● **GIVEN ENTRIES**:
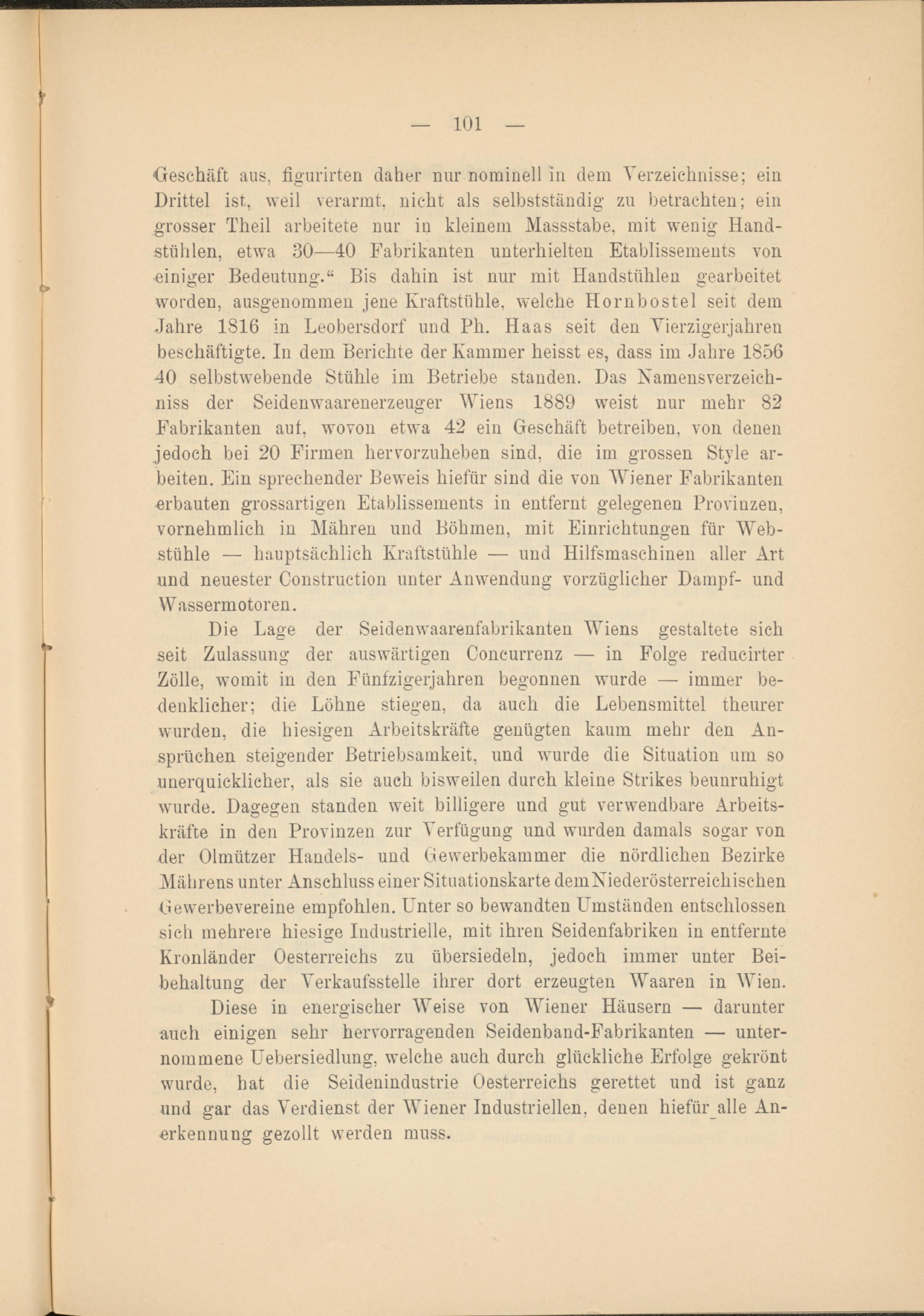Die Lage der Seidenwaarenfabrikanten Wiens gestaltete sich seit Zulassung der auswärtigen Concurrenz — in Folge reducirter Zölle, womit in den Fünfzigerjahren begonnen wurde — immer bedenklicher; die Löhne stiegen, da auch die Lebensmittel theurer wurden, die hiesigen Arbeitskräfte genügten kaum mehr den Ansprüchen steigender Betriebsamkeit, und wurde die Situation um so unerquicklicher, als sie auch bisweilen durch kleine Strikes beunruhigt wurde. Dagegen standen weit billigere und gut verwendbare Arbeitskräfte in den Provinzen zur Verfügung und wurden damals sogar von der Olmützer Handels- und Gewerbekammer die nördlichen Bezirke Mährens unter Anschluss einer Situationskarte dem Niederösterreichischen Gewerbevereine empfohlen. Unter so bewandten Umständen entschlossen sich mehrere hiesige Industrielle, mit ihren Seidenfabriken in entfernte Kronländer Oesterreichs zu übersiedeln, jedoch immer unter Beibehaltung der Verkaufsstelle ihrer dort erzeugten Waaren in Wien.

...

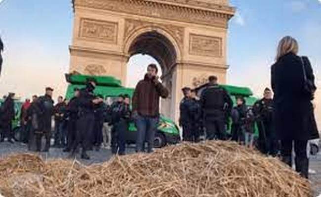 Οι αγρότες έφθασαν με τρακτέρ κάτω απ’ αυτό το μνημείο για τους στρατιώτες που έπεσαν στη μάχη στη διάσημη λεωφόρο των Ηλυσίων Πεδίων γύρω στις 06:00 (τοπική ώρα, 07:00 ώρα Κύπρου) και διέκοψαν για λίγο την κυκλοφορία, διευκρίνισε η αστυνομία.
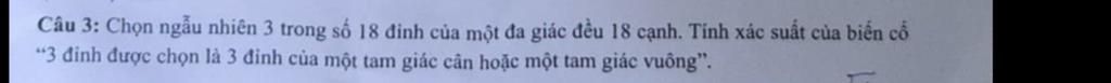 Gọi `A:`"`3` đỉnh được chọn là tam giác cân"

* * *

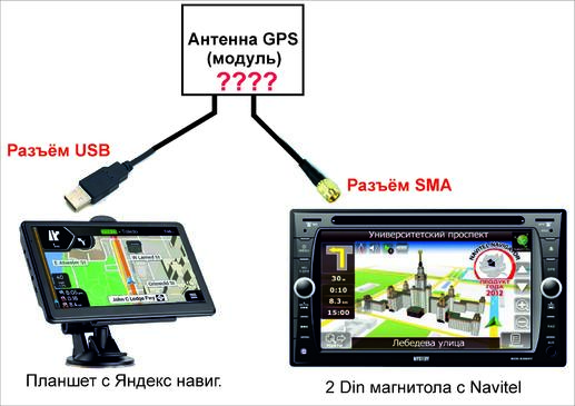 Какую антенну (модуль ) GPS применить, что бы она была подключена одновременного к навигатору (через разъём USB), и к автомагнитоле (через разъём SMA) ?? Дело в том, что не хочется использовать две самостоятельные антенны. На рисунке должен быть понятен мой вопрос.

● **EXERCISE BRIEF**:
Given the entries above, transcribe exactly the lines from the one holding "Οι αγρότες έφθασαν" through the one holding "đỉnh được chọn"; pictures do not belong in the transcription.

● **ANSWER FOR THIS EXERCISE**:
 Οι αγρότες έφθασαν με τρακτέρ κάτω απ’ αυτό το μνημείο για τους στρατιώτες που έπεσαν στη μάχη στη διάσημη λεωφόρο των Ηλυσίων Πεδίων γύρω στις 06:00 (τοπική ώρα, 07:00 ώρα Κύπρου) και διέκοψαν για λίγο την κυκλοφορία, διευκρίνισε η αστυνομία.
 Gọi `A:`"`3` đỉnh được chọn là tam giác cân"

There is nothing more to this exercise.